XLEAP allows scientists to see attosecond electron motions

Scientists at the Department of Energy's SLAC National Accelerator Laboratory have invented a way to observe movements of electrons with powerful bursts of an X-ray laser. The new technique allows scientists to measure electron movements using laser bursts that are only 280 attoseconds. An attosecond is a billionth of a billionth of a second.

The technology behind the discovery is called X-ray laser-enhanced attosecond pulse generation or XLEAP. The new tech is a significant advance that scientists have been working toward for years and paves the way for breakthrough studies of how electrons speed around molecules in crucial processes in biology, chemistry, and materials science, among others.

The team says that until now, it was possible to observe the motions of atomic nuclei, but the much faster electron motions that drive the chemical reactions were blurred out. XLEAP will allow the X-ray laser to see how electrons move around and how that sets the stage for chemistry that follows. The team believes that studies on the timescales enabled by XLEAP could reveal things like how the absorption of light during photosynthesis almost instantaneously pushes electrons and starts the cascade of other events that result in oxygen generation.
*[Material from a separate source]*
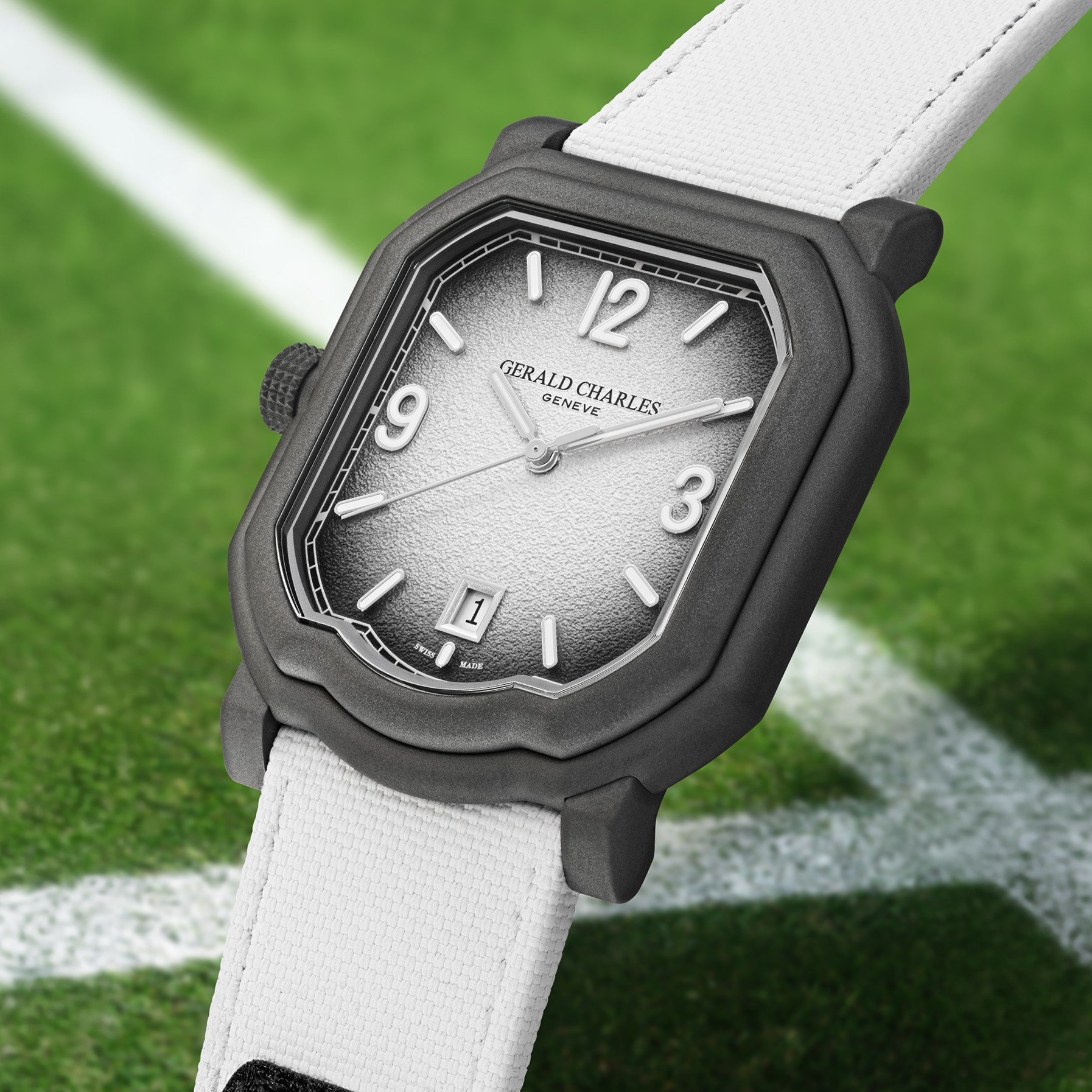 ắn tham chiếu Ref. GC2.0-TX-TNDB-04GR-RSVC-DLE, tân phẩm Gerald Charles phản ánh nguồn cảm hứng lấy từ quy tắc trang phục mang tính biểu tượng của giải quần vợt sân cỏ danh giá bậc nhất thế giới – nơi sắc trắng luôn đại diện cho kỷ luật, sự tôn trọng, nét thanh lịch kín đáo. Giới hạn 200 chiếc toàn cầu, phiên bản này không chỉ củng cố mà còn nâng tầm mối quan hệ gắn kết bền bỉ giữa thương hiệu Thụy Sỹ với môn thể thao quần vợt trong bối cảnh trang trọng và mang tính biểu tượng hơn. Trang trí họa tiết tinh xảo, mặt số trắng vừa tăng cường khả năng đọc giờ, vừa gợi nhắc sự thuần khiết cùng kỷ luật của truyền thống “all-white” trong quần vợt Anh.
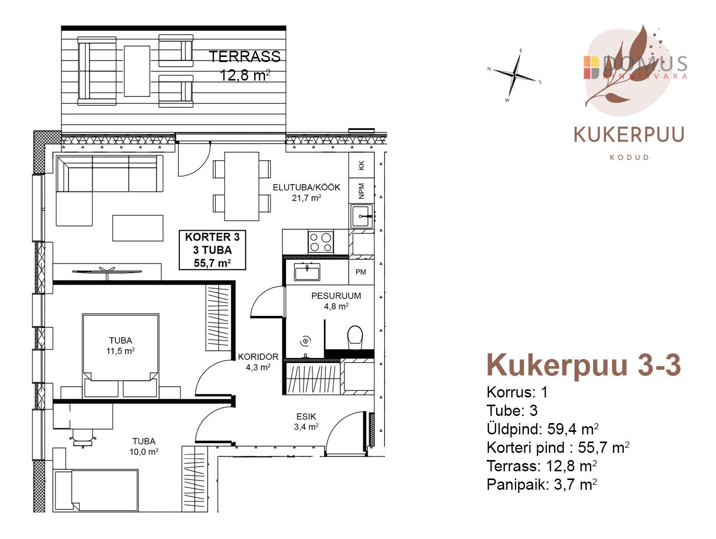 Продать квартира, 3 комната - Kukerpuu tn 3-3, Raadi-Kruusamäe, Tartu linn, Tartu linn, Tartu maakond

Experiments showed that the XLEAP team can produce precisely timed pairs of attosecond X-ray pulses that can set electrons in motion and record those movements. The snapshots can be strung together to create stop-action movies. XLEAP is described as a great advance that gives scientists a breakthrough tool to observe and control electron motion at individual atomic sites in complex systems.

The team plans to further optimize their method, and that optimization could lead to more intense and possibly shorter pulses. The team is also getting ready for LCLS-II, the upgrade of their user system that can fire up to a million X-ray pulses per second, which is 8,000 times faster than before.